3.3.  Confirmation of Designation with Zone Apex PvD

   Designated DoH Resolvers that provide the PvD JSON described in
   Section 3.2 can also provide information to validate of zone's
   designation without DNSSEC.  In order to confirm the designation, the
   client requests a well-known HTTPS URI based on a zone apex name, and
   checks a PvD file to ensure that it matches the DoH resolver.  This
   ensures that a DoH resolver cannot claim a designation for a given
   zone without cooperation from the entity that owns the certificate
   for the apex of that zone.

   In order to enumerate the zone apex names that confirm designation in
   this manner, the DoH resolver's PvD JSON dictionary can contain an
   array of strings, with the key "trustedNames".  Clients can validate
   the resolver designation by checking a resource hosted by a name
   indicated in "trustedNames".  The client first issues an HTTP GET
   request by appending "/.well-known/pvd" to the trusted name, using
   the "https" scheme.  In order to validate the designation, the PvD



Pauly, et al.            Expires 14 January 2021                [Page 6]
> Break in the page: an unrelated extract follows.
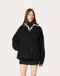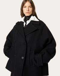 Diagonal Double Wool pea coat. - Double breasted - Oversize fit - Rear martingale - Double-faced design - Front button fastening - Diagonal Double Wool (77% Wool, 23% Polyamide) - Unlined - Length from shoulders: 72.5 cm / 28.5 in. for Italian size 40 - The model is 176 cm / 5’9” tall and wears an Italian size 40 - Made in Italy Product Code BCJ2706PJ_0NO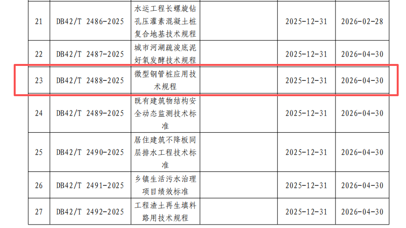 12月31日,由湖北工建牵头起草,三公司、武汉理工大学等单位共同参编的湖北省地方标准《微型钢管桩应用技术规程》(以下简称《规程》),经省市场监督管理局批准正式发布,将于2026年4月30日起实施。

Internet-Draft               ADNS Discovery                    July 2020


   JSON MUST contain a "dohTemplate" key pointing to the correct DoH
   resolver.  The client's query for the IP addresses of the trusted
   name MAY use the DoH resolver prior to fully validating the
   designation, since the validation uses HTTPS to authenticate the
   designation.

   Note that the names listed in "trustedNames" are only useful for
   confirming a designation that was indicated either by a non-DNSSEC-
   signed SVCB designation (Section 3.1), or an additional designation
   provided by the DoH resolver's PvD (Section 3.2).  A trusted name
   MUST be an exact match of a designating name, or else a parent of a
   designating name.

   If a name has more specific sub-domains that should not be allowed to
   designate a given DoH resolver, this method of confirmation MUST NOT
   be used.

   As an example of this process, the JSON dictionary for the DoH server
   "https://doh.example.net/dns-query", which is retrieved from
   "https://doh.example.net/.well-known/pvd/dns-query", could contain
   the following contents:

      {
        "identifier": "doh.example.net.",
        "dohTemplate": "https://doh.example.net/dns-query",
        "dnsZones": ["example.com"],
        "trustedNames": ["example.com"],
        "expires": "2020-08-23T06:00:00Z"
      }

   This indicates that "example.com" should be treated as a designated
   domain, and that it can be validated by checking with the
   "example.com" server rather than using DNSSEC.

   In this example, the well-known URI used for validation is
   "https://example.com/.well-known/pvd".  In order to trust the
   designation, this request must return valid JSON with the
   "dohTemplate" key matching the original DoH resolver.  For example,
   this dictionary could contain the following contents:

      {
        "identifier": "example.com.",
        "dohTemplate": "https://doh.example.net/dns-query",
        "expires": "2020-08-23T06:00:00Z"
      }






Pauly, et al.            Expires 14 January 2021                [Page 7]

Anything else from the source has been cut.